The Stock Exchange Executive Council (SEEC; 中国证券市场研究设计中心 (中國證券市場研究設計中心, Zhōngguó Zhèngquàn Shìchǎng Yánjiū Shèjì Zhōngxīn)) of the People's Republic of China was established to improve the efficiency of the securities market in mainland China.

According to research by Nottle (1993), the re-emergence of securities markets commenced under the introduction of the reform and opening up.
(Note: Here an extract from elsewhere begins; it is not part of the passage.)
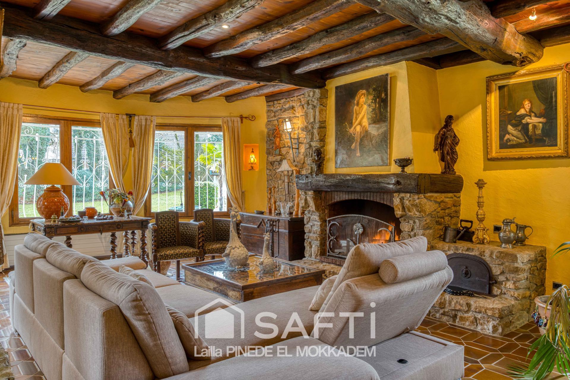 Les poutres apparentes, la pierre, le poêle et la superbe cheminée créent un ensemble harmonieux, élégant et plein de caractère.
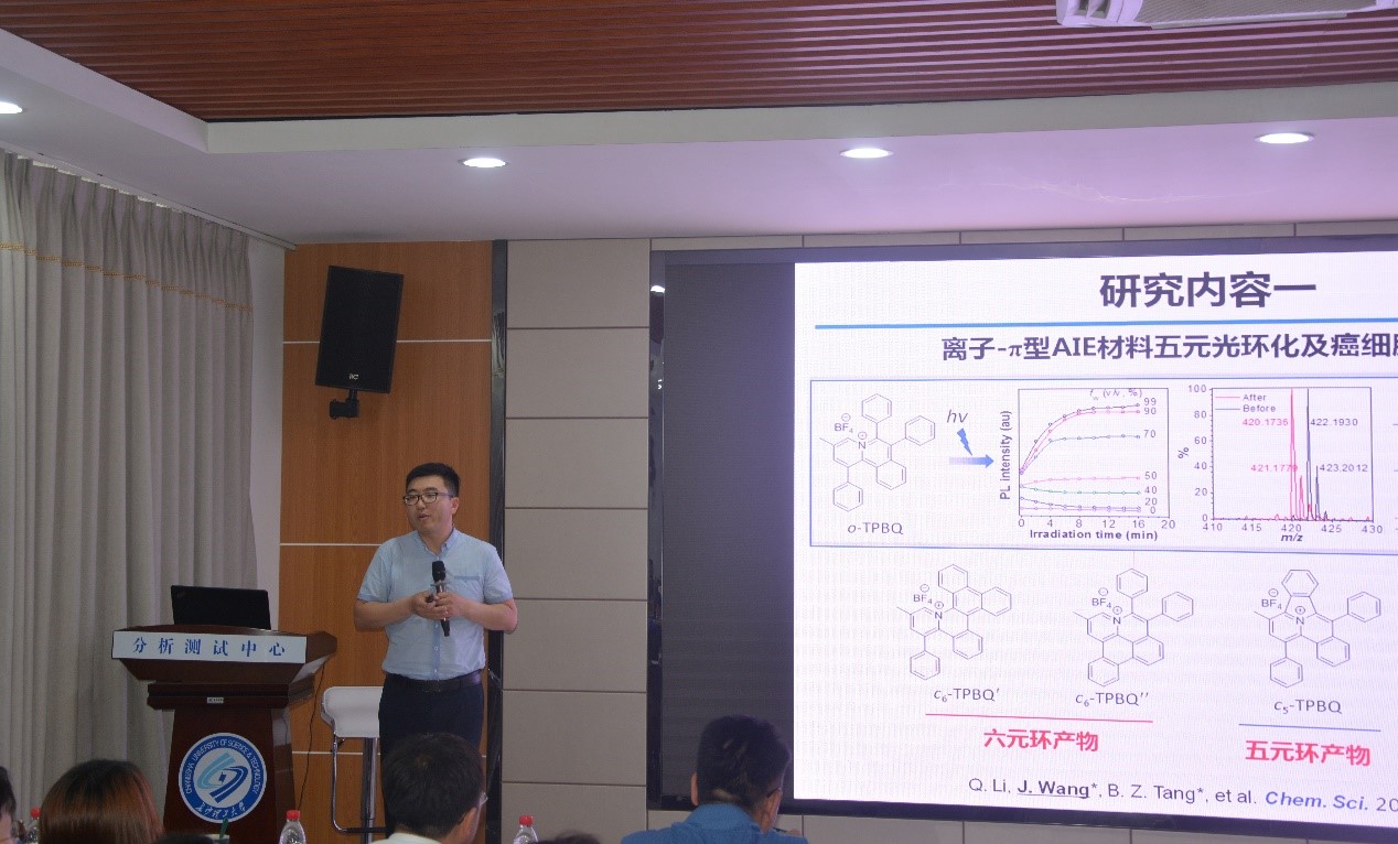 王建国教授作了“聚集诱导发光:从分子设计到应用”的专题报告,从荧光分子在应用中所面临荧光猝灭的问题出发,结合当前聚集诱导发光的研究基础,王教授详细介绍了目前课题组所进行的新型AIE分子设计新策略;以“负离子-p”结合为基础所构建出一系列新型AIE分子,并在生物成像等相关领域进行了实际应用。

The initiative was announced by then party Vice Premier Deng Xiaoping in 1978; under the plan market forces would be brought to bear on the Chinese economy and China's "doors would be opened" to foreign capital and entrepreneurs.

Under this economic reform, a number of experiments have been conducted over the part decades in order to facilitate the development of securities markets.
1. September 1984, the first joint stock company and then one was commenced in Shanghai in 1985 and in Shenzhen in 1987
2. Another experiment consisted of establishing securities trading markets such as, over-the-counter (OTC) market for shares and bonds was established in 1986.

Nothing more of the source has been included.